In 3D this is complicated by the fact that tangents and normals transform differently from vertices. But, this was already addressed in 0.7 by pairing each transform with a differential function, and using shader fu to compose it. So this all just keeps working.

Another neat thing is how this works with instancing. There is now an <Instances> component, which is exactly like <Mesh>, except that it gives you a dynamic <Instance> to copy/paste via a render prop:

   render={(Instance) => (<>
     <Instance position={[1, 2, 3]} />
     <Instance position={[3, 4, 5]} />

As you might expect, it will gather the transforms of all instances, stuff all of them into a single buffer, and then render them all with a single draw call. The neat part is this: you can still wrap individual <Instance> components in as many <Node> levels as you like. Because all <Instance> does is pass its matrix transform back up the tree to the parent it belongs to.

instance capture

This is done using Live captures, which are React context providers in reverse. It doesn't violate one-way data flow, because captures will only run after all the children have finished running. Captures already worked previously, the semantics were just extended and formalized in 0.8 to allow this to compose with other reduction mechanisms.

But there's more. Not only can you wrap <Instance> in <Node>, you can also wrap either of them in <Animate>, which is Use.GPU's keyframe animator, entirely unchanged since 0.7:

  render={(Instance) => (

        {seq(20).map(i => (
            delay={-i * 2}
              scale={[0.2, 0.2, 0.2]}


The scene DSL and the instancing DSL and the animation DSL all compose directly, with nothing up my sleeve. Each of these <Components> are still just ordinary functions. On the inside they look like constructors with all the other code missing. There is zero special casing going on here, and none of them are explicitly walking the tree to reach each other. The only one doing that is the reactive run-time... and all it does is enforce one-way data flow by calling functions, gathering results and busting caches in tree order. Because a capture is a long-distance yeet.

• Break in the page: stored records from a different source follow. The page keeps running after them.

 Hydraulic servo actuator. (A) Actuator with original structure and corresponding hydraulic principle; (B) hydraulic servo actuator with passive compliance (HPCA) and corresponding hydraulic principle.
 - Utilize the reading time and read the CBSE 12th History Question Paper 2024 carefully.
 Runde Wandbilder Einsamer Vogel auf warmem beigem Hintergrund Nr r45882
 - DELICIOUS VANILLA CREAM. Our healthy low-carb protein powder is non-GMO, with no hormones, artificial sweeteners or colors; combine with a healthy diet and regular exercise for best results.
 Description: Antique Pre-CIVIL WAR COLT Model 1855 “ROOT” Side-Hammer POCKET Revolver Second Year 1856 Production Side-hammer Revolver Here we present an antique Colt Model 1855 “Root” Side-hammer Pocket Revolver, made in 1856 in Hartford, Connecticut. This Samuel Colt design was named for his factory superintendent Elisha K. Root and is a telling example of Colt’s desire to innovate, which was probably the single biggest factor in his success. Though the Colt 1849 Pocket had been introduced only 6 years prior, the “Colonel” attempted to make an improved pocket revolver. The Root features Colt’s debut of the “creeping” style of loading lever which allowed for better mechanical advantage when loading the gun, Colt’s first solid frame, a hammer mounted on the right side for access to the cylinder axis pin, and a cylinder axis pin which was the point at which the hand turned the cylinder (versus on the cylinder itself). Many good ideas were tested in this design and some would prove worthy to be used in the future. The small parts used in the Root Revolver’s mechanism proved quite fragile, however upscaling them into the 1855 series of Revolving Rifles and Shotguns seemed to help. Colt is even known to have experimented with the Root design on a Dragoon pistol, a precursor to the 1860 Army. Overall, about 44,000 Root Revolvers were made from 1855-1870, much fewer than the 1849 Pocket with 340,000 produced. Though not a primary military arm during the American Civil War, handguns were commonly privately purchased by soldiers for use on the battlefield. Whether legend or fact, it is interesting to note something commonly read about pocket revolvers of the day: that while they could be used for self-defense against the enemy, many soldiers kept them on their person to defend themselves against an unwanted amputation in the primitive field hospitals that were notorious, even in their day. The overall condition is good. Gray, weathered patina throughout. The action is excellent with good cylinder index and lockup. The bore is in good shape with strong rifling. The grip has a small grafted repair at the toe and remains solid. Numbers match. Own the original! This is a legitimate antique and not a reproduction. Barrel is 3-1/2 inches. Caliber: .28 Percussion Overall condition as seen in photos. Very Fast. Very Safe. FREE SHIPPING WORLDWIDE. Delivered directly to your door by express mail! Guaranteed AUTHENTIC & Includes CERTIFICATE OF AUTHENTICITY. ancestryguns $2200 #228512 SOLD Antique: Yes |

Personally I find this pretty magical. It's not as efficient as a hand-rolled scene graph with instancing and built-in animation, but in terms of coding lift it's literally O(0) instead of OO. I needed to add zero lines of code to any of the 3 sub-systems, in order to combine them into one spinning whole.

The entire scene + instancing package clocks in at about 300 lines and that's including empties and generous formatting. I don't need to architect the rest of the framework around a base Object3D class that everything has to inherit from either, which is a-ok in my book.

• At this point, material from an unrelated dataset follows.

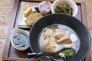 島豚とカツオをメインにしたダシに、トッピングが選べる沖縄そばは、紅芋ご飯、もずく酢なども一緒に食べられるセットがおすすめです。
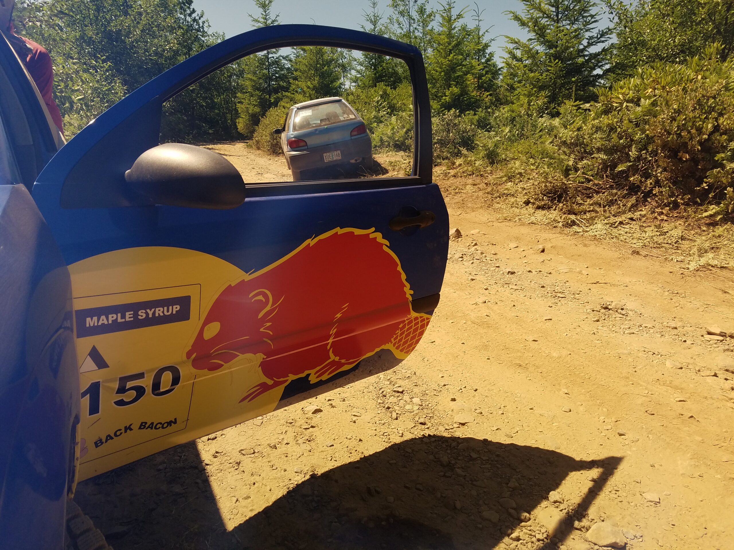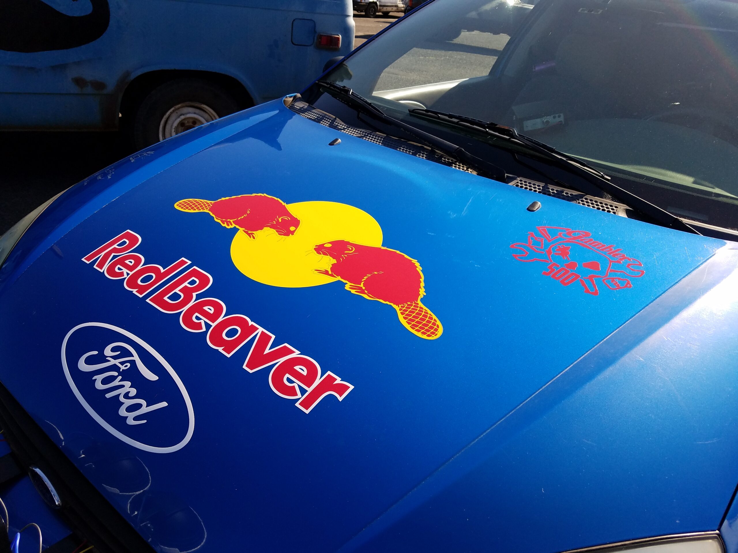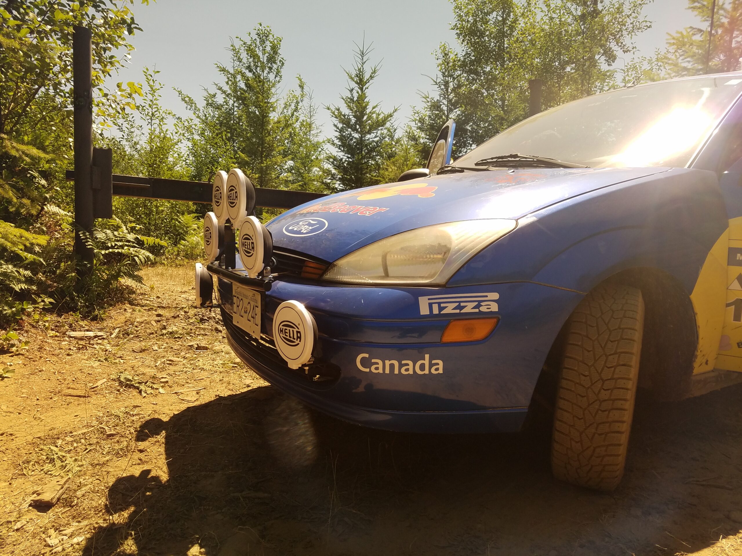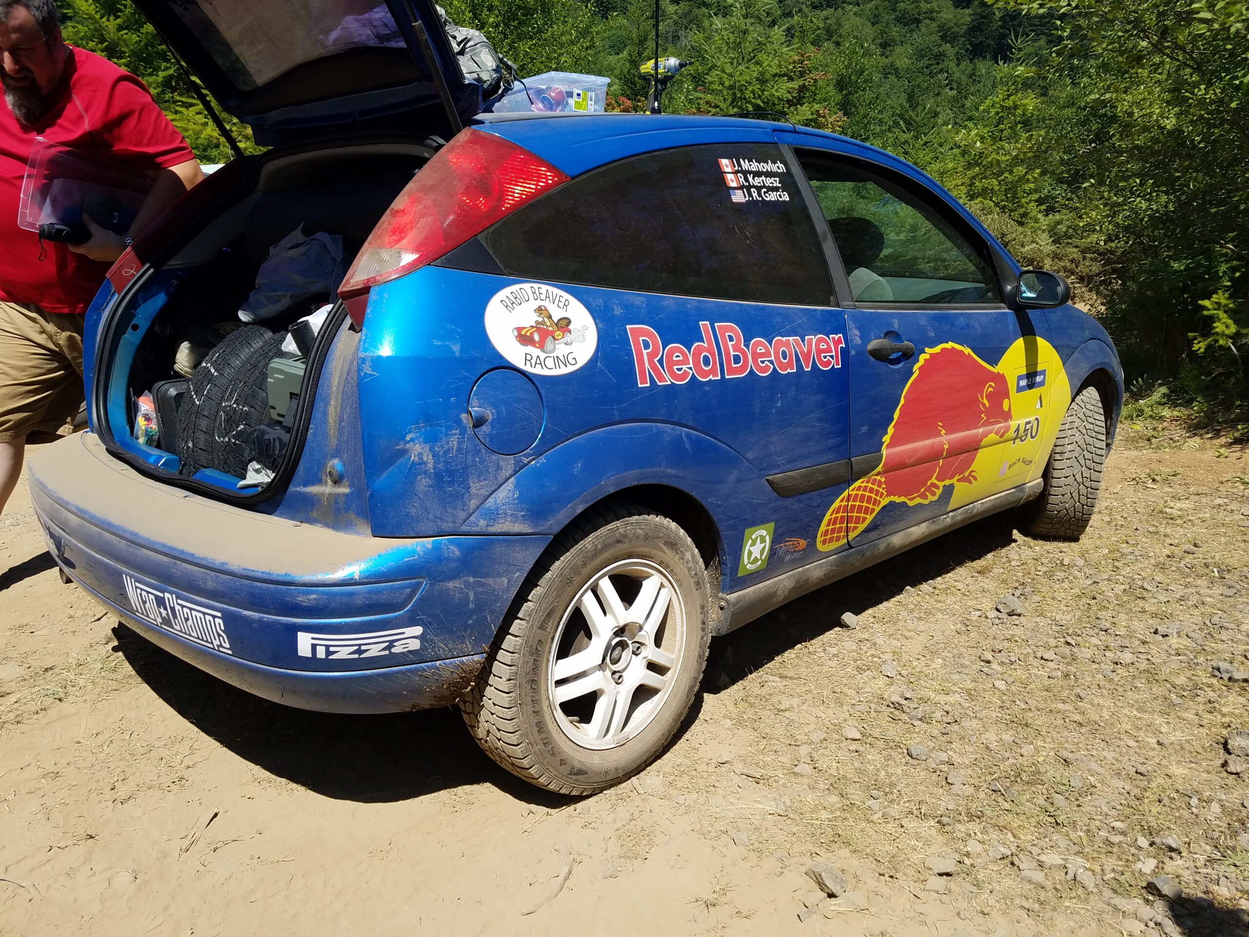 The Red Beaver is a 2002 Ford Focus ZX3 hatchback with a 5-speed manual and that Jeremy picked up for $600 bucks. After a mild tune up of new spark plugs, fluids, and an air filter the car was given spacers to add ground clearance. The wheels were painted white and an Amazon Prime ordered light bar was dressed on the grille. Jeremy and Ron created a spoof livery on the Red Bull rally car of the same era. (Points for creativity!) I had no idea how the car was going to look until I saw at 11 pm the night before the race. Seeing my name on a professional looking rally car was a really good feeling.

This architecture will never reach Unreal or Unity levels of hundreds of thousands of draw calls, but then, it's not meant to do that. It embraces the idea of a unique shader for every draw call, and then walks that back if and when it's useful. The prototype map package for example does this, and can draw a whole 3D vector globe in 2 draw calls: fill and stroke. Adding labels would make it 3. And it's not static: it's doing the usual quad-tree of LOD'd mercator map tiles.


Next up, the modular renderer passes. Architecturally and reactively-speaking, there isn't much here. This was mainly an exercise in slicing apart the existing glue.

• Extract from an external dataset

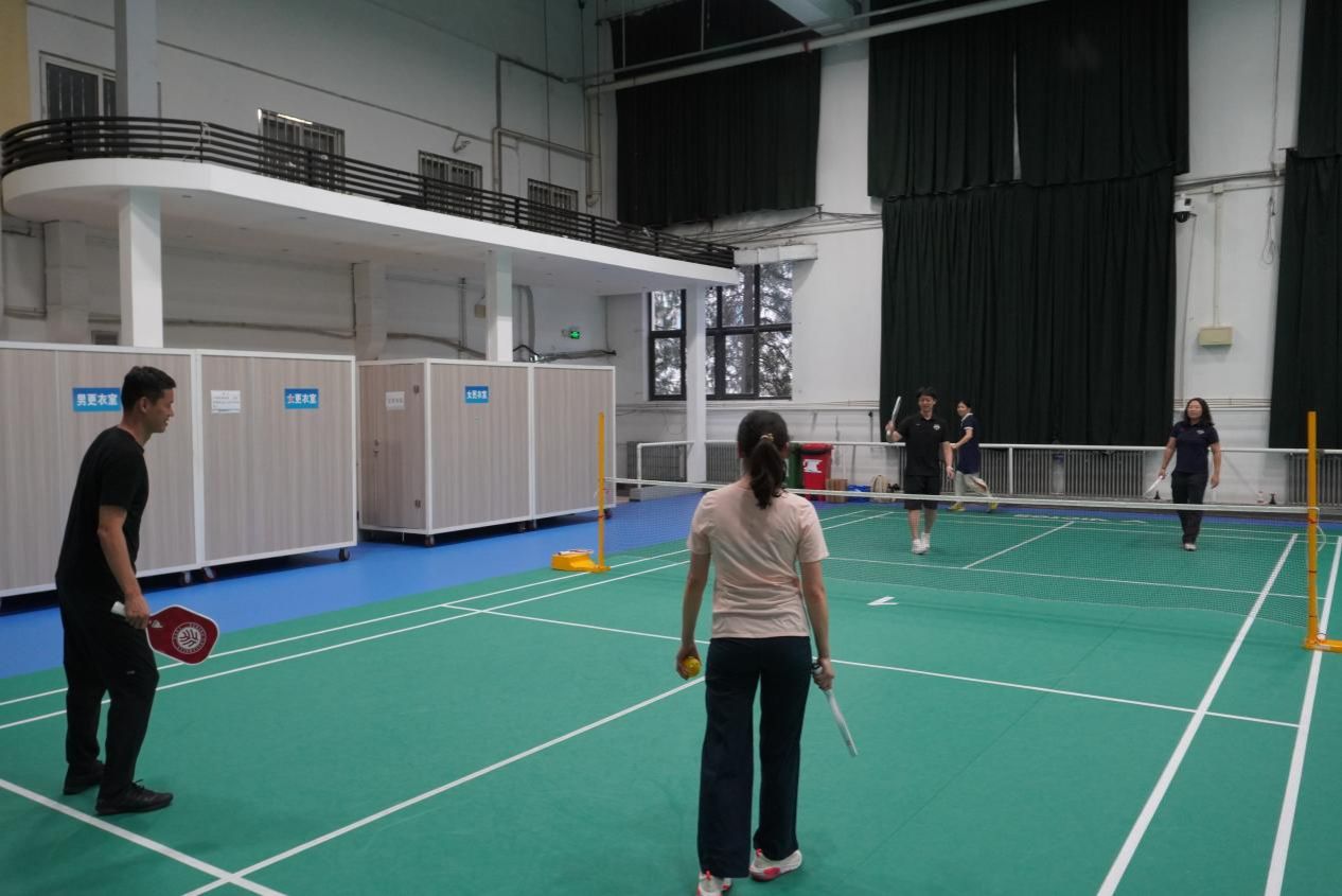 全体会结束后,所有教师移步到五四体育中心羽毛球场,进行新学期的第一次集体备课。本次备课活动以匹克球运动为主题,由刘茂辉老师带领大家进行。

The key thing to grok is that in Use.GPU, the <Pass> component does not correspond to a literal GPU render pass. Rather, it's a virtual, logical render pass. It represents all the work needed to draw some geometry to a screen or off-screen buffer, in its fully shaded form. This seems like a useful abstraction, because it cleanly separates the nitty gritty rendering from later compositing (e.g. overlays).

For the forward renderer, this means first rendering a few shadow maps, and possibly rendering a picking buffer for interaction. For the deferred renderer, this involves rendering the g-buffer, stencils, lights, and so on.

My goal was for the toggle between the two to be as simple as replacing a <ForwardRenderer> with a <DeferredRenderer>... but also to have both of those be flexible enough that you could potentially add on, say, SSAO, or bloom, or a Space Engine-style black hole, as an afterthought. And each <Pass> can have its own renderer, rather than shoehorning everything into one big engine.

Neatly, that's mostly what it is now. The basic principle rests on three pillars.

deferred renderer

Deferred rendering

First, there are a few different rendering modes, by default solid vs shaded vs ui. These define what kind of information is needed at every pixel, i.e. the classic varying attributes. But they have no opinion on where the data comes from or what it's used for: that's defined by the geometry layer being rendered. It renders a <Virtual> draw call, which it gives e.g. a getVertex and getFragment shader function with a particular signature for that mode. These functions are not complete shaders, just the core functions, which are linked into a stub. There are a few standard 'tropes' used here, not just these two.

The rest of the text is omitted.